Coles reportedly increased trading rebates by four per cent earlier this year without offering suppliers any benefits beyond maintaining their shelf space. The chain said the savings would be passed onto their customers but a number of suppliers were agitated by the move, according to reports.
“Significant suppliers have signified to us that they’re not very happy, they are not going to comply and they’re looking to work with us to grow their business within our supermarkets,” Mr Luscombe said on Friday, according to The Age.
Arnott’s could be one of the companies referred to, given reports at the time of the Coles move suggested Australia’s dominant player in the biscuit sector had shifted all of their promotional spend to Woolworths.

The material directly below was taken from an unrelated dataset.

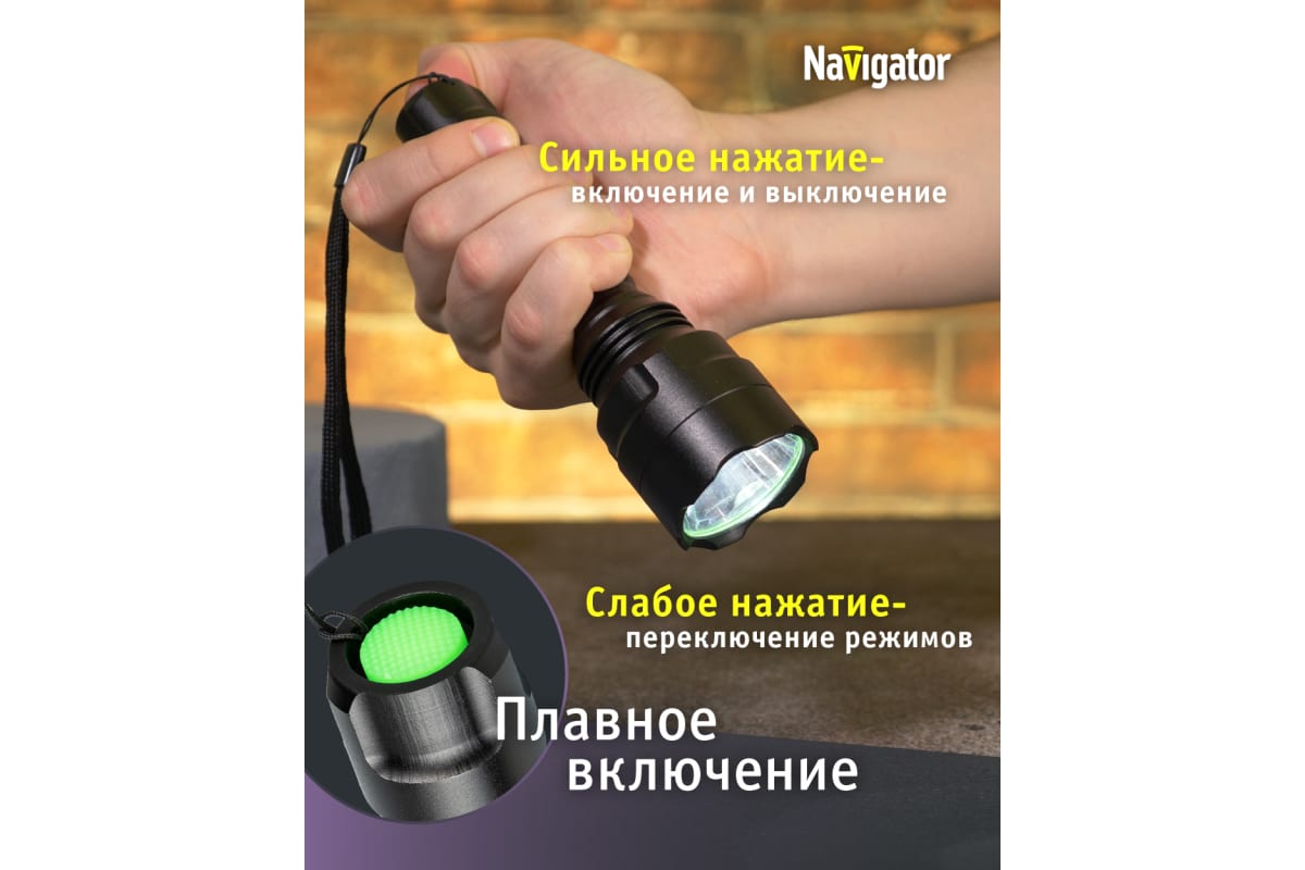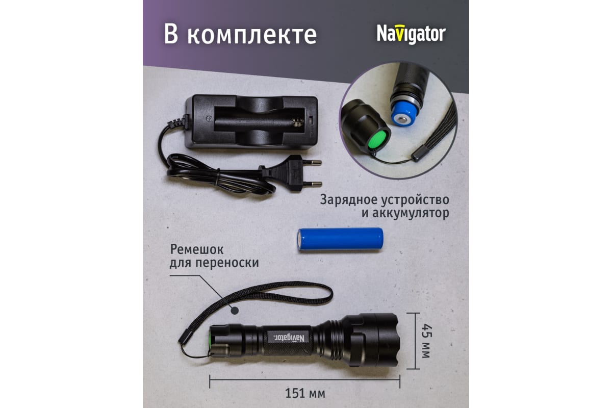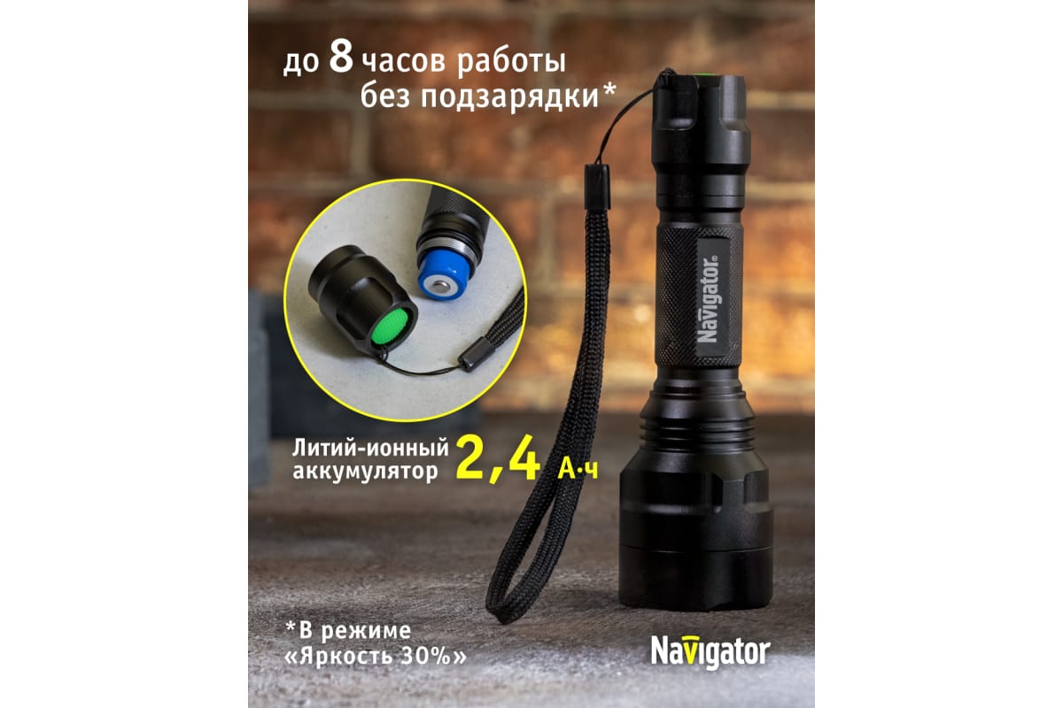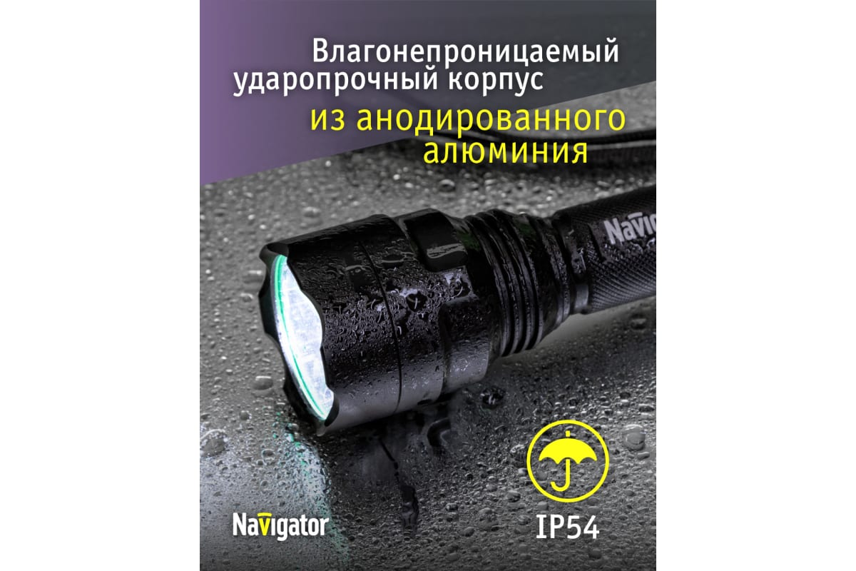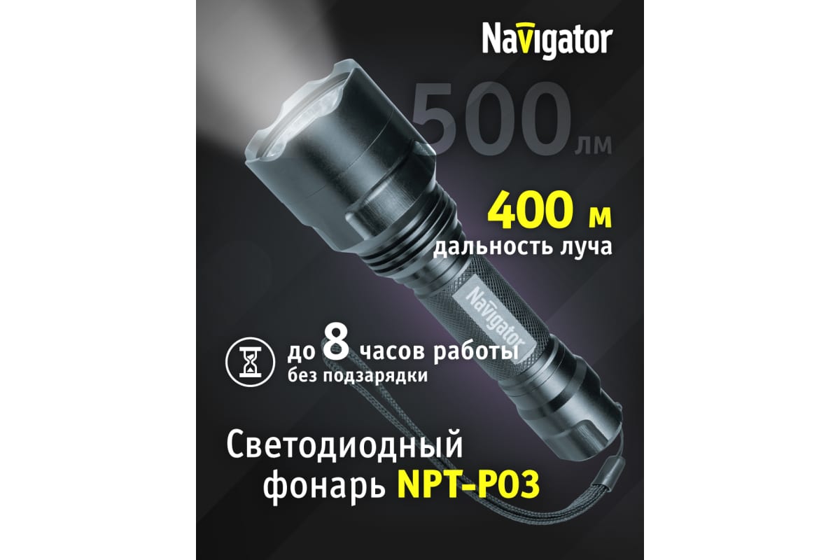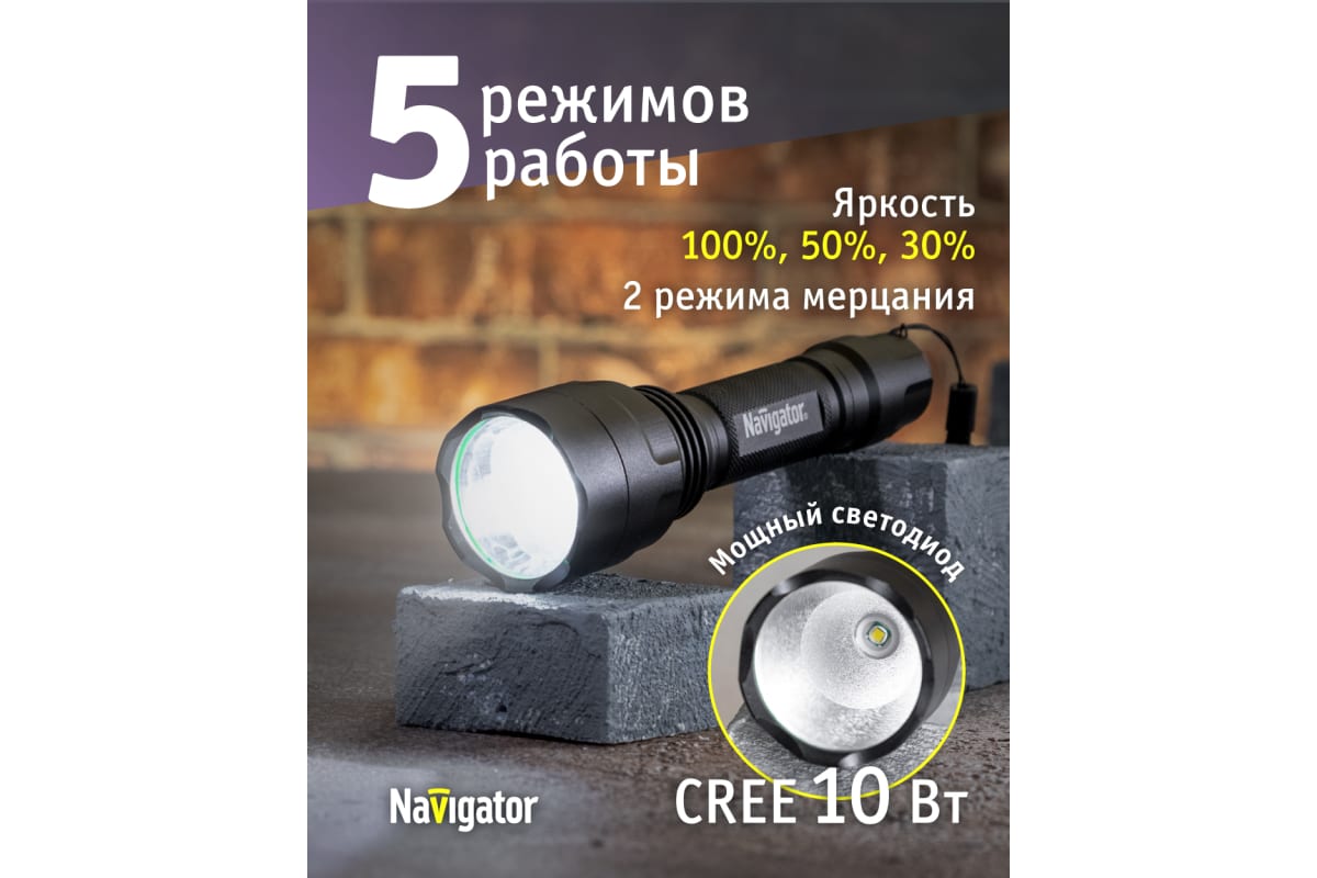 Преимущества Navigator NPT-P03-18650 алюминий, 1 CREE LEDx10Вт, аккумулятор 3.7В, 2А 71583

Mr Luscombe indicated that Woolworths, too, were looking to reduce the costs of the goods they sell but believed they could come to a more appropriate compromise with their suppliers.
“We always seek to negotiate really well on behalf of our customers to get the price we can for our customers, but we also recognise that you need to have those negotiations in a win-win situation where, if we ask for something, we give something in return,” he claimed.
Strong supermarket sales
Woolworths last week announced third quarter comparable store sales for their food and liquor division rose by an Easter adjusted 8.8 per cent, as consumers seemingly chose to reduce their spend at restaurants and eat at home more often. Given their ability to overcome deteriorating economic conditions thus far, Australia’s largest supermarket chain believes they can maintain growth in the upper single digits for the rest of the year.

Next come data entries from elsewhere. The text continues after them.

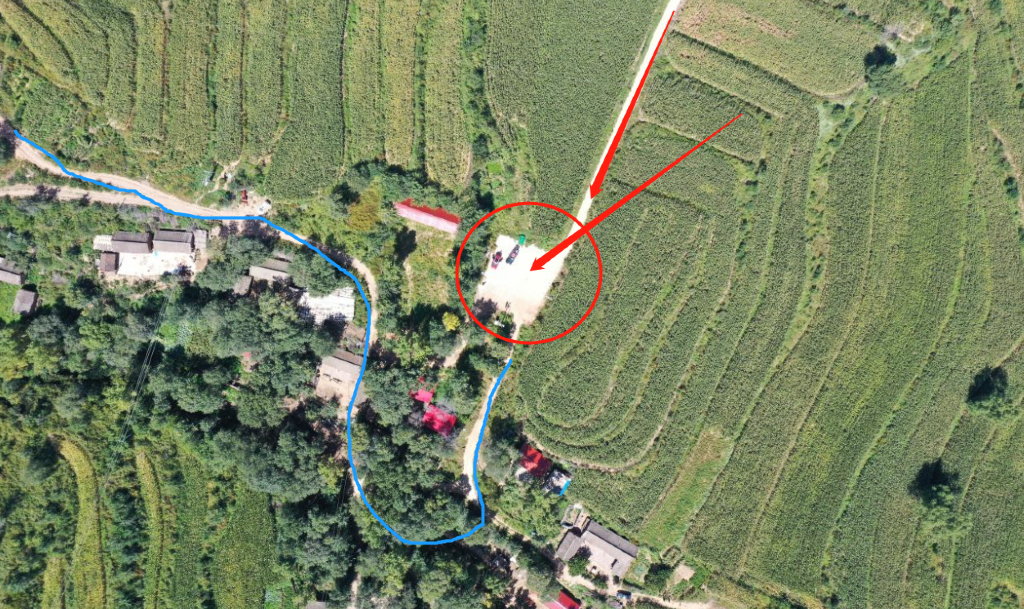 二道洼村俯瞰(红色为开车上山路线,蓝色为步行到山顶路线)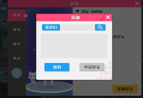 想要成为好友的对象不在面前?没有关系!点击主界面右下社交按钮,选择好友标签,点击右下的添加好友按钮,选择搜索游戏昵称或id,搜索成功后点击添加即可发送好友请求。
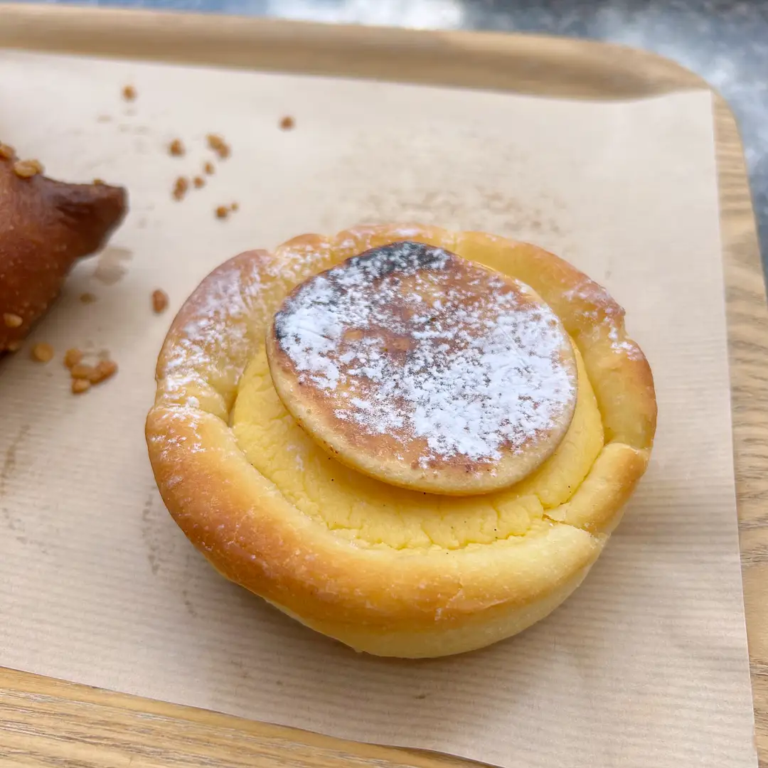 しっとり系のブリオッシュ生地に生地に、とろっと溶け出すカスタードクリームがたっぷり入っています。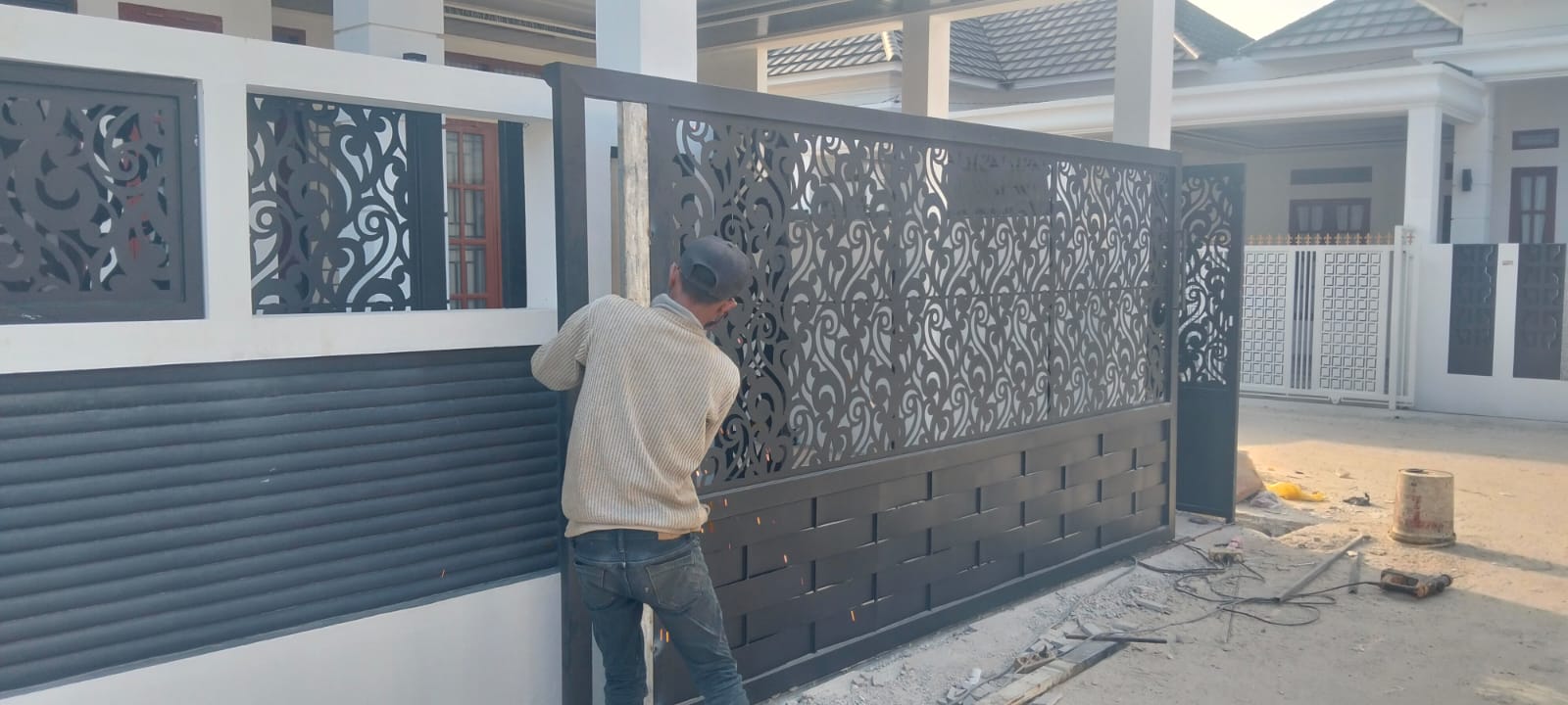 Desain pagar plat laser cutting dengan motif eksklusif dan elegan, cocok untuk berbagai rumah

Coles, meanwhile, is reportedly progressing well as they look to turnaround years of underinvestment. Analysts expect sales for the third quarter to be up by as much as six per cent, which would still lag Woolies but represent a major step forward given it would see sales growth rise above the rate of inflation for the first time this financial year.
Rivalry? What rivalry?
Australia’s two largest supermarket operators have been appearing to play down any rivalry they may have by scarcely referring to each other this year. Mr Luscombe’s reference to Coles and their suppliers was a rare indication that he even knew Coles was still in operation and he notably only mentioned the independents and Aldi when specifically discussing sales results; while Wesfarmers Managing Director Richard Goyder said last month that Coles’ major competitor was in fact the local grocer, butcher and fishmonger and not Woolies.
“Everyone thinks Woolworths is our biggest competitor, but our biggest competitor is right outside our front door,” he told the Pastoralists and Graziers Association (PGA).
Woolworths will continue to keep the pressure on Coles, though, with investment in their supermarkets to continue at a higher rate than ever before. They plan to spend around $2b annually, a figure that Coles is unlikely to match given Wesfarmers has flagged spending of $1b annually for the five year turnaround plan.
Woolworths also has a much-publicised $4 billion investment chest, some of which may be put toward international expansion. There have been rumours that they either dismissed a recent invitation to make an offer for a Chilean supermarket chain or were outbid. Coles may be hoping they do look overseas in the hope that it might distract them at home.